I’d never heard of Monkey Bread until I met my husband.  Is it a Midwest thing?  Or were my parents depriving me of the ooey-ist, gooey-ist, most sugary, not good for you breakfast pastry?  Monkey Bread is part of his family’s Christmas tradition and, after eating it once, I insisted it became an Easter tradition too.

As I mentioned, Monkey Bread is my husband’s thing.  Until our April photo shoot, I’d never made it myself.  Just as I was insistent Monkey Bread become an Easter tradition, I was adamant about sharing it with you. Go figure, the day we needed Monkey Bread for the shoot, my husband was out of town. Me making the Monkey Bread, and not him, explains why it doesn’t look like this. Have you ever seen Pinterest Fails? This baking experience reminds me of just that. I’ll explain what went wrong later in the post, but I assure you this recipe works.

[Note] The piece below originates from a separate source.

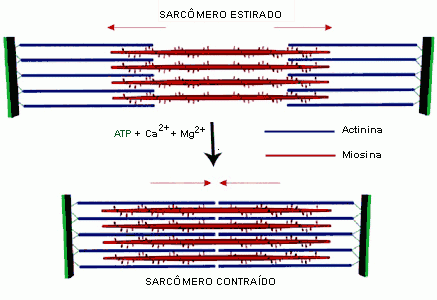 Na contração muscular, a actina desliza sobre os filamentos da miosina, que conservam seus comprimentos originais. A contração se inicia na faixa anisotrópica, ou A, onde a actina e a miosina se sobrepõem. Durante a contração, a faixa isotrópica (I) diminui de tamanho, enquanto os filamentos de actina penetram na faixa A. Concomitantemente, a faixa H, formada somente pelos filamento grossos (miosina) também se reduz, à medida que

Don’t judge it by the aesthetics; your entire family, kids and adults alike, will love it.

Monkey Break 2

Monkey Bread


24 ounces frozen dinner roll dough (Rhodes)*

1 cup packed brown sugar

1 (3.4 ounce) package cook and serve (not instant) butterscotch pudding mix

1/4 cup white sugar

2 teaspoons ground cinnamon

1/2 cup chopped walnuts

1/2 cup melted butter



1. The night or several hours before, grease and flour a 9 or 10 inch Bundt pan.

2. Mix brown sugar and pudding mix together. Mix white sugar and cinnamon together.

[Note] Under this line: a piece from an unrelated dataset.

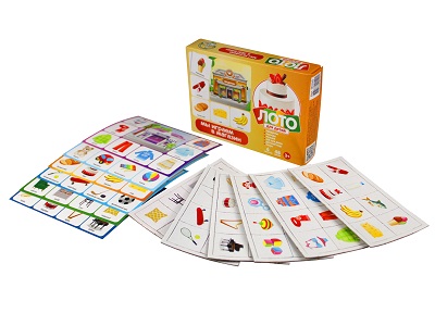 - 48 маленьких карточек размером 3,5x3,5 см с изображением различных товаров, соответствующих тематике магазинов.

3. Place 12 frozen dinner rolls in pan. Sprinkle brown sugar and pudding mix over first layer of rolls. Sprinkle sugar and cinnamon mixture over the brown sugar and pudding mixture. Spread half the nuts and melted butter over first layer.

4. Place 12 more frozen dinner rolls in pan, creating a second layer. Repeat steps above.

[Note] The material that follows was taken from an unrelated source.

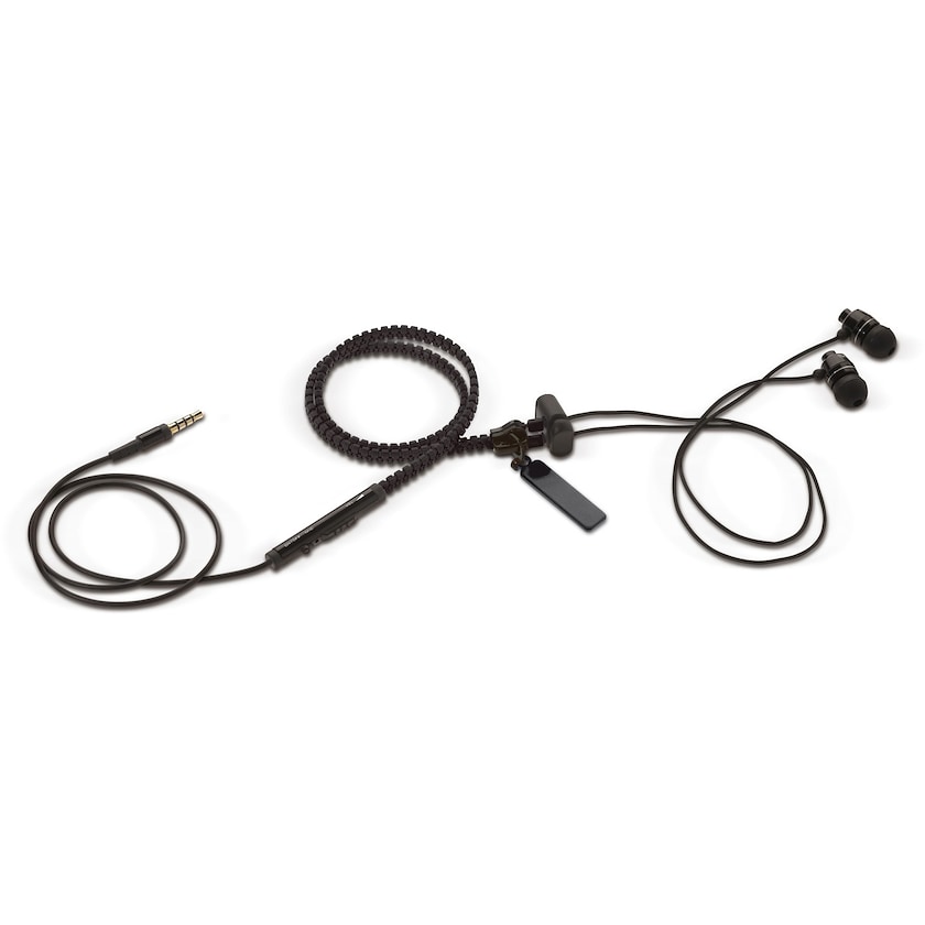 Écouteurs in-ear avec microphone équipés d'une fermeture éclair qui raccourcit les câbles. La fermeture éclair minimise le risque que les câbles s'emmêlent. La personnalisation est effectuée sur la fermeture éclair. Livrés dans un sachet de rangement en microfibres.

5. Place on counter overnight. Do not cover (with wrap). DO cover with cutting board and books or weights stacked on top.

6. The next morning, bake in a preheated 350 degrees F (175 degrees C) oven for 30 minutes.

7. Let stand a few minute and turn pan over onto serving platter.


*This is where it all went wrong. In some areas of my life, I seem to operate with the thought more is more. As a little girl, when sending a letter, I’d send many blank pages along with the written message. The recipient is sure to feel more loved. Now, when baking, I always add more vanilla. It tastes better. I use extra pumps of moisturizer. I won’t get wrinkles. I used this same thought process making the Monkey Bread. More rolls will be better. It will be bigger, fluffier, and tastier.

Actually, more rolls are not better. The recipe has the perfect roll to goo ratio. I messed with that ratio and have learned less IS more.